### Activity
Return the following from the records below: each line, word for word, starting with the line that contains "Maximiliano Cantera (c), de" and going on through the line that contains "2024年7月30日(火)午後は臨時休業することとなりました。", with nothing outside that range.

### Extracted material
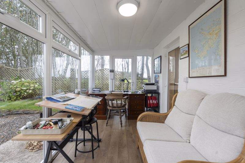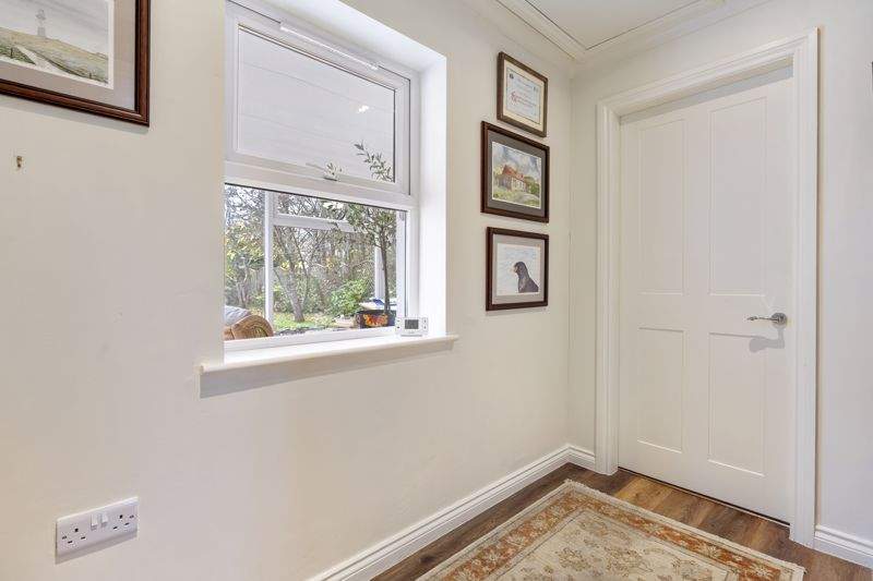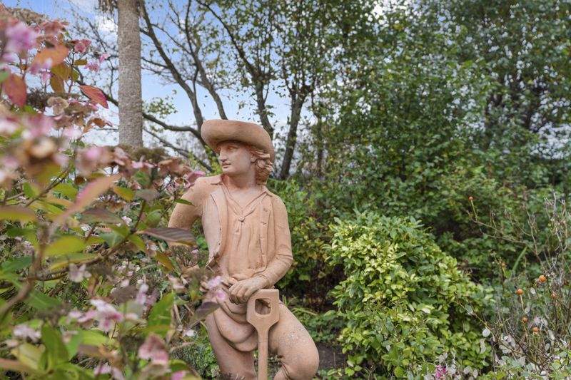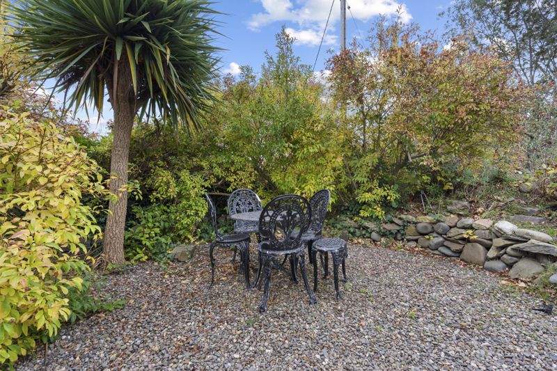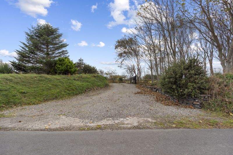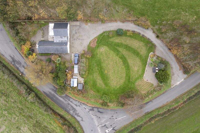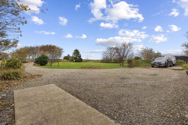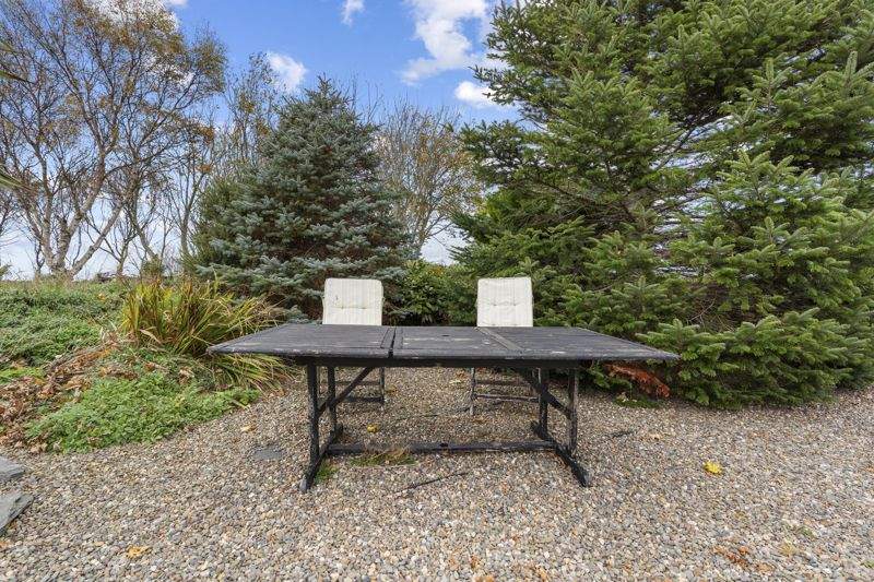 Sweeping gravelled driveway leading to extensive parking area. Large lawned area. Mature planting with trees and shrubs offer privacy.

* * *

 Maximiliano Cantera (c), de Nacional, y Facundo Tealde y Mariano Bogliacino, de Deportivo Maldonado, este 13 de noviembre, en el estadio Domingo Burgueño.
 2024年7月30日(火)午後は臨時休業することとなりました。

### Answer area
 Maximiliano Cantera (c), de Nacional, y Facundo Tealde y Mariano Bogliacino, de Deportivo Maldonado, este 13 de noviembre, en el estadio Domingo Burgueño.
 2024年7月30日(火)午後は臨時休業することとなりました。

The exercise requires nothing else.